1.2.4. How to Read DataFrame from CSV#
Now that we have the data saved to a CSV file, let’s create a new DataFrame, df2, and read that data. We can do this with the command pd.read_csv(). As with to_csv, we can pass multiple arguments here, but for now, we will stick with the one mandatory one, a string of the file that we wish to open. In this case, it is the same file we just created. Let’s open it and print it off.
df2 = pd.read_csv("../data/names.csv")
df2
Unnamed: 0 | names | |
---|---|---|
0 | 0 | Tom |
1 | 1 | Mary |
2 | 2 | Jeff |
3 | 3 | Rose |
4 | 4 | Stephanie |
5 | 5 | Rodger |
This doesn’t look right. Notice that this DataFrame looks a bit off from what we saved to disk. Why is that? It is because of how we saved the file. If we don’t specify an index, Pandas will automatically create one for us. In order to correctly save our file, we need to pass an extra keyword argument, specifically index=False
. Let’s try and save this file again under a different name: names_no_index.csv
.
df.to_csv("../data/names_no_index.csv", index=False)
Let’s create a new DataFrame, df3, and reopen and print off the data.
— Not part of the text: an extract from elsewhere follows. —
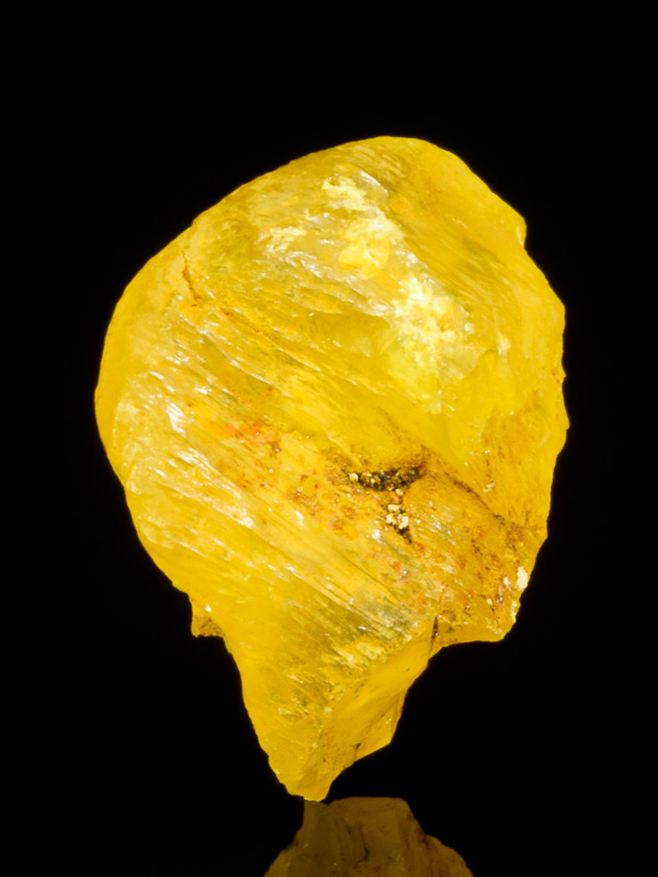 A sharp, gem-like, transparent, golden-yellow, sulfur crystal from Vodinskoye, Russia. This tabular crystal is complete all-around and is nearly pristine, with only trival edgewear in one spot. Classic, seldom available Russian material.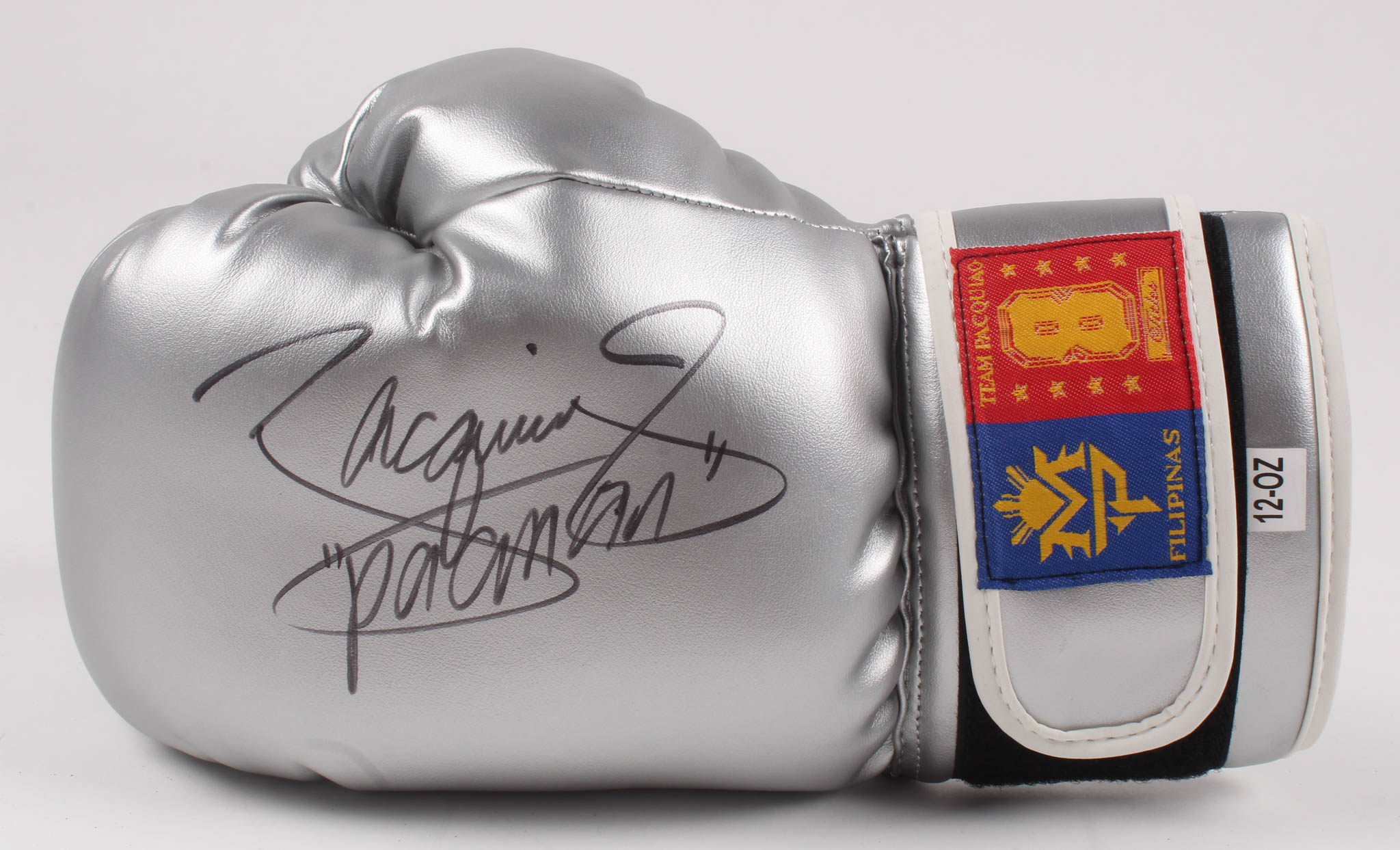Team Pacquiao full-size boxing glove. Hand-signed and inscribed in black felt-tip pen by Manny Pacquiao.

df3 = pd.read_csv("../data/names_no_index.csv")
df3
names | |
---|---|
0 | Tom |
1 | Mary |
2 | Jeff |
3 | Rose |
4 | Stephanie |
5 | Rodger |
Like magic, now we have a DataFrame that represents our original data.
1.2.5. How to Save DataFrame to JSON#
In Pandas, we are not limited to CSV files, we can do this same process with JSON files, which are JavaScript Object Notation files. These are a bit different from CSV files and are used to store more complex data, specifically data that is used on the web because all browsers can interpret JSON data off-the-shelf. To save our data to a JSON file, we can use the to_json(). Note that we are not passing the index argument here. When our data is stored as a JSON file this is not necessary.
df3.to_json("../data/names.json")
Now, let’s open that same data as a new DataFrame, df4. We can do the same thing as we did with the CSV file, except use read_json() and then print it off.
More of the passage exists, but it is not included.